Do not invest more money than you can afford to lose.
IG Group (LON:IGG), one of the world’s largest publicly traded forex brokers, announced it is changing its terms for fees and commissions on guaranteed stops. From July 4 the broker will not require any upfront premium for guaranteed stops added by its clients.
Fees will be paid only when the guaranteed stop is triggered – if it is not activated, IG will not charge the trader for adding it, hence simply adding it will be free of charge.
According to the amended section “Limited Risk” in the customer agreement IG has sent to its clients, limited risk premium shall be due and must be paid when the Limited Risk Transaction is closed. The size of the limited risk premium is set in the contract details or as notified to the client. The limited risk premium is in addition to the usual opening commission or spread that the client pays. As per usual, IG reserves the right to give or withhold its consent on setting the guaranteed stop.
Furthermore, the broker will soon provide the option to add a guaranteed stop to an open position and edit or remove existing guaranteed stops.
London-based IG Group was set up in 1974 as a spread betting provider, the first UK-based one at the time. Since then it has expanded to also offer trading in contracts for difference (CFDs), forex, binaries, and stocks.
It has more than 136,000 clients that are served from offices in 17 countries across the EU, the US, Asia, and Africa. The group operated under the IG brand worldwide, and as the Nadex derivatives exchange in the US, after in 2012 it merged the brands IG Index and IG Markets into a single one – IG. The company is regulated by UK’s Financial Conduct Authority (FCA) and its subsidiaries have the relevant regulation from the countries they operate in.

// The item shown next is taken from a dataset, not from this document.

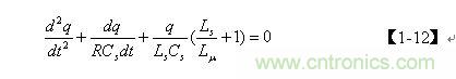 前面已經(jīng)指出,齊次微分方程【1-12】式僅表示電容Cs充滿電后,輸入電壓等于0時,電容兩端電壓或存儲電荷隨時間變化的過程,即,當(dāng)t = 0時,q從最大值開始隨時間變化的過程。但齊次微分方程【1-12】式并不完全表示電容Cs充、放電的全過程,我們仔細(xì)觀察【1-17】式便知:在LC電路中,當(dāng)t = 0時,如果q 為最大值,電容一定是按余弦規(guī)律放電;如果 q為最小值,則電容一定是按正弦規(guī)律充電。因此,我們還需要根據(jù)初始條件來對【1-10】非齊次微分方程式進(jìn)一步求解。

In conjunction to the upcoming EU referendum in the UK on June 23, IG launched its Brexit barometer, based on the trades in the political binaries on the outcome of the vote. IG also became one of the numerous forex brokers to temporarily hike the margin requirements on some of its instruments, in order to minimize the risk from the extreme market volatility surrounding the referendum and its uncertain outcome.